Wassily Wassilyevich Kandinsky
Russian artist
December 16, 1866 - December 13, 1944

He was a Russian-born painter, born on December 16th in 1866, and his work in abstract art made him the first painter to devote himself to solely abstract themes in his paintings. This influential man, Wassily Kandinsky, did not start his life as an artist until he was 30 years old, and was determined to make his art as he saw it should be - not conforming to the generally accepted styles. He was a brilliant lawyer and economist and the University of Dorpat offered him a professorship, which he refused in order to train as an artist.

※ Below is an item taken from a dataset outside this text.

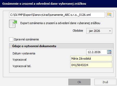 Oznámenie o zrazení a odvedení dane vyberanej zrážkou obsahuje súhrnné údaje o zrazenej a odvedenej dani vyberanej zrážkou. Do riadku 01 (Daň zrazená) sa doplní zrážková daň súhrnne za všetkých zamestnancov zrazená vo výplatách v danom mesiaci. Do stĺpca Daň odvedená sa uvádza suma zrážkovej dane z vygenerovaného prevodného príkazu. Do riadku 01a sa vyplní zrazená zrážková daň zo zložiek mzdy 263, 264, 266, 267 vo výplatách. V stĺpci Daň odvedená sa uvádza odvedená zrážková daň za tieto dividendy z prevodného príkazu. Riadky 02 a 03 program nevypĺňa.

He had been born in Moscow, raised in Odessa, studied in Moscow and found his way to Munich, Germany where he joined a private art school owned by Anton Ažbe in 1896. Initially he had been refused admittance, but he studied on his own for one year, and was accepted thereafter. With his talent and Anton Ažbe’s training he was able to enroll at the Academy of Fine Arts. He left Munich when World War I started in 1914, choosing to return to Moscow. As he found Moscow’s art theories for modern painting sadly lacking, he eventually moved back to Germany, taking a position there at the Bauhaus School of Art and Architecture for almost 11 years - from 1922 until 1933 - when the German Nazis closed it down. Kandinsky chose France as his next destination, taking residency there in 1933, and later, a citizenship, in 1939. He made his most well-known paintings while living there even though abstract art at that time in France was still not recognized as an true art style. He stayed in France for the rest of his life, dying in 1944 just days before his 88th birthday, in the western suburbs of Paris called Neuilly-sur-Seine.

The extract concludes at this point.